But now we’ve looked at all the interpretive options and poked around all the major strands of tradition. What do I believe? Well, you ought to know that I’d rather be wrong with the likes of Augustine, Aquinas, Luther, and Calvin than right with anybody else. Not only is their interpretation the most well-represented in Christian tradition, but it just makes sense. It’s logical. It fits the Biblical narrative leading from genealogy to flood, and it addresses a constant theme in the Bible: don’t compromise your faith to fit into this world more comfortably (Deut 7:3, 2 Corinth. 6:14, Deut 16:21, etc). To be a true disciple of Christ, you can’t afford to compromise any part of the truth. You have to live your whole life in constant worship and obedience. Not only do I think this is a good interpretation, but I think it’s something that’s an important reminder as we try to live out our faith today.

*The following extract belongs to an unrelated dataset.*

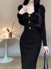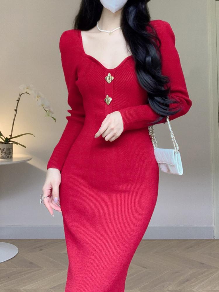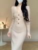 Корейская мода дизайн пуговиц трикотажное платье женское осень квадратный вырез винтажные тонкие вечерние платья эстетическое выпускное платье-свитер Хепберн зима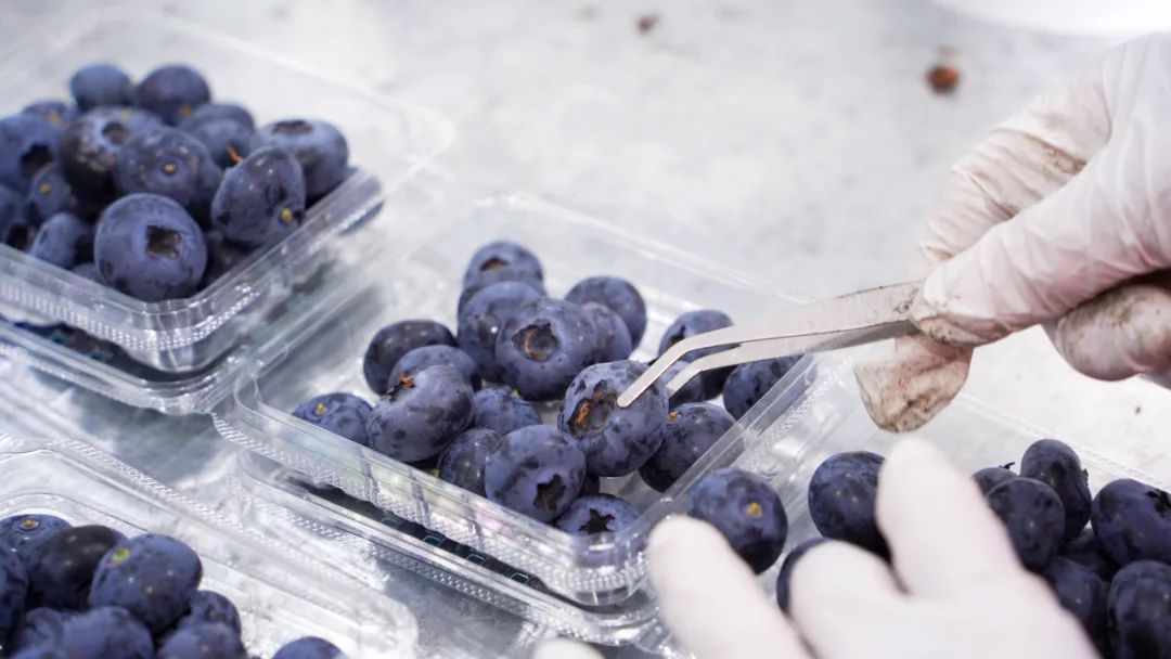 工人采摘蓝莓。而灏岚农业蓝莓于2月份率先上市,避开传统及进口蓝莓市场竞争,抢抓市场空档期,蓝莓鲜果于基地成熟即采摘并直供市场,品质有保证,极具竞争优势。

We live in a world that’s increasingly secular. Our culture is more than happy to accommodate Christians that are willing to compromise on the things that they believe. If you’re willing to make a few concessions, you’ll fit in easier. You’ll be the “right kind” of Christian. Your life will be significantly attractive on the outside. If you don’t? Well, things might get difficult.

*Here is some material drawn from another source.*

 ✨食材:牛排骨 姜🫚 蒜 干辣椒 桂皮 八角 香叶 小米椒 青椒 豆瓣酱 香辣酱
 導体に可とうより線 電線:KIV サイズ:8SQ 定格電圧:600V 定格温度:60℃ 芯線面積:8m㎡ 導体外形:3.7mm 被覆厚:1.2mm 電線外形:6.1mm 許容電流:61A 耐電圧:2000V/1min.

As people made in the image and likeness of God, we can’t afford to compromise truth for temporary gain. After all, we know truth itself in the person of Jesus Christ. The only way for us to live well is to hold fast to truth and to continually honor God, rather than ourselves.
That’s my take! But rather than end on a dramatic note, I’ll end with some humility. It’s a tough passage! If you think I missed something or want to dig around on your own, check out some of the resources below! See what you think! Either way, wrestle with those tough verses when you find them. If all Scripture is useful for teaching, rebuking, correcting, and training in righteousness, sometimes we have to do a little bit of wrestling to see what God is saying.